Azelby: Real estate’s challenges could push investors towards farmland
UBS group managing director Joe Azelby sees promising demand drivers for farmland, but the lack of 'scalable doorways' will limit large investors.
By Kyle Campbell
Post-coronavirus challenges to real estate’s reputation as a dependable store of value could draw more investors into farmland markets, Joe Azelby, head of real estate and private markets at UBS Asset Management, told PERE‘s sister publication Agri Investor.
“Whenever you have a crisis, it is a reminder for people to diversify more than they have,” Azelby said. “People are going to scratch their heads and say: ‘Geez, maybe I have a little too much real estate. What else is out there, that, perhaps, is not going to behave in a similar way if there are more covids to deal with in the future?’”
Azelby – who joined UBS in March 2019 after approximately one year as senior partner and head of real assets at Apollo Global Management – highlighted that the hotel and retail subsectors been particularly hard hit by covid-19. Uncertainties surrounding the potential spread of future pandemics and resulting changes in demand for office space, he said, have further clouded the outlook for some real estate strategies.
As institutional investors continue to seek “pockets of calm” amid the turmoil, farmland’s resilience during the global financial crisis and the pandemic’s immediate aftermath is likely to be top of mind, said Azelby.
“People buy real estate around the world at sometimes ridiculous prices as a place to store capital. We certainly saw that in New York – where five years ago people from all over the world were buying ridiculously large condos at ridiculously large prices.
“I just think people are going to look for other areas and places to store value and perhaps we’ll see the high-net-worth space engage in the farmland discussion.”
Azelby oversees more than 500 employees managing more than $100 billion in assets across 14 countries. Real estate accounts for between 80 and 90 percent of assets and revenue managed within the Real Estate and Private Markets platform, according to Azelby, who also oversees UBS’s general private equity and infrastructure investments that account for much of the remainder.
Azelby said that while UBS and other investors would like to have more exposure to food and agriculture, the market faces limitations imposed by the lack of what he called “scalable doorways.” In farmland, for example, he said UBS has limited its acquisitions to properties with very specific characteristics and most deals have ranged between $5 million and $20 million each.
UBS has begun a process of thinking about broader opportunities in food and agriculture, Azelby said, adding that he expects the post-covid environment will be good for those attempting to make significant changes to agricultural supply chains.
“We think there is a huge amount of technology that can be applied to farm operations,” he added. “And then, like other industries, there is a huge amount of infrastructure between the farmgate and the table at home.”

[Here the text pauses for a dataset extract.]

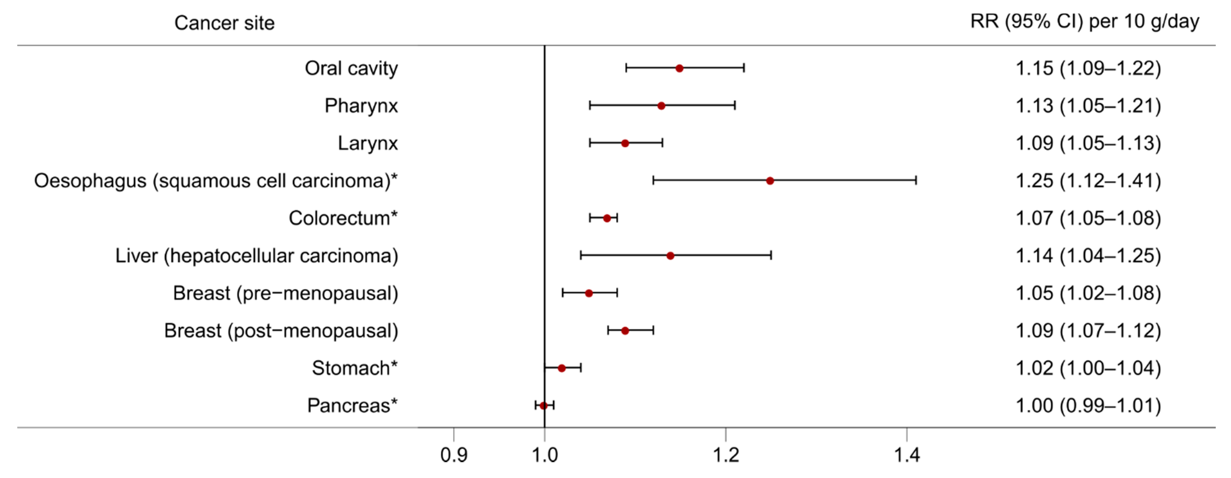 - Bagnardi, V.; Rota, M.; Botteri, E.; Tramacere, I.; Islami, F.; Fedirko, V.; Scotti, L.; Jenab, M.; Turati, F.; Pasquali, E.; et al. Alcohol consumption and site-specific cancer risk: A comprehensive dose–response meta-analysis. Br. J. Cancer 2014, 112, 580. [Google Scholar] [CrossRef]

Any expansion into other ag-related markets, said Azelby, would likely draw on capabilities present within his team at REPM, including those on the real estate front.
“I view food and ag as part of real estate, which is the land component. Obviously, farm operations have a private equity element. Then you have the whole infrastructure that is required to process, store, transport and package food – there is a huge infrastructure in the food and ag space. Then there is a private equity component; there are companies that focus on the food and ag sector that are certainly interesting and viable investments.”
Before joining Apollo, Azelby played one season of professional football as a linebacker for the Buffalo Bills and spent 18 years as chief executive of JP Morgan’s Global Real Assets business. In 2012, he published a white paper entitled The Realization. It predicted a secular shift to real asset allocations similar to the diversification away from bonds and into equities that followed regulatory changes in the late 1960s.
The paper predicted real assets would see rise from approximately 5 to 10 percent of institutional portfolios to as much as 25 percent in the decade ahead.
Azelby told Agri Investor the development of real asset markets thus far has played out largely along the lines of what he had expected. He estimates the real asset component of an average broadly diversified portfolio has in fact risen from about 10 percent to approximately 20 percent over the past eight years.
In The Realization, Azelby categorized real asset categories by return expectations, dividing less risky “core” investments likely to yield between 8 and 11 percent total returns from “opportunistic” real assets capable of producing 14 to 20 percent returns.
“If you look going forward, all of those numbers should be lower,” explained Azelby when asked to update return expectations for 2020. “Most of the world has moved to a close-to-zero interest rate environment. Think of real assets as providers of real return and the baseline from which you measure those returns has fallen precipitously, and gone negative in some parts of the world. I would shift the whole curve down by 300 basis points just given what we have seen in the interest rate environment.”